Objective: To investigate the phenotypic characteristics of human fetal liver cells (FLCs) and to obtain the homogenous hepatic progenitors with cloning.
Methods: Immunofluorescence and flow cytometry were used to determine the phenotypes of the FLCs. The proliferating colonies were isolated using clone ring in different culture conditions. Reverse transcriptase-polymerase chain reaction (RT-PCR) was used to determine the mRNA expression after further cultivation.

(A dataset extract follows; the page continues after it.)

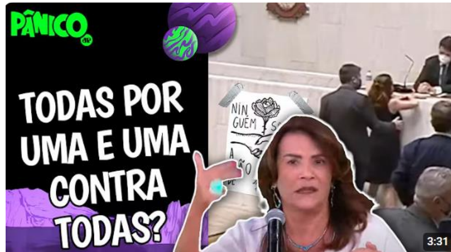
Figura 2 - Vídeo do “Pânico na Jovem Pan” sobre o caso Isa Penna

Results: The cultured FLCs showed a non-typical epithelial morphology. The positive rate for hepatic cell specific markers alpha-fetoprotein (AFP), albumin (Alb), cytokeratin 8 (CK8) and CK19 were approximately 28.1%, 84.7%, 55.1% and 9.1% respectively. Furthermore, the FLCs expressed the hematopoietic stem cell markers CD34 and CD45 with percentages of 0.04% and 0.09%. 71.8% and 75.3% of the FLCs were positive for the mesenchymal cell marker CD105 and CD166. Most of the colonies showed an elongated morphology, some with an unregular spreading-out morphology, only a small number of colonies with an epithelial-like morphology. RT-PCR results showed that among the 19 colonies obtained after further cultivation and the percentages of epithelial cell adhesion molecule (EpCAM), AFP, Alb and CK19 were 52.6%, 21.1%, 52.6% and 84.2%, respectively.
Conclusions: The clonal culture system is beneficial to obtain the homogenous hepatic progenitor cells from the heterogeneous culture of FLCs.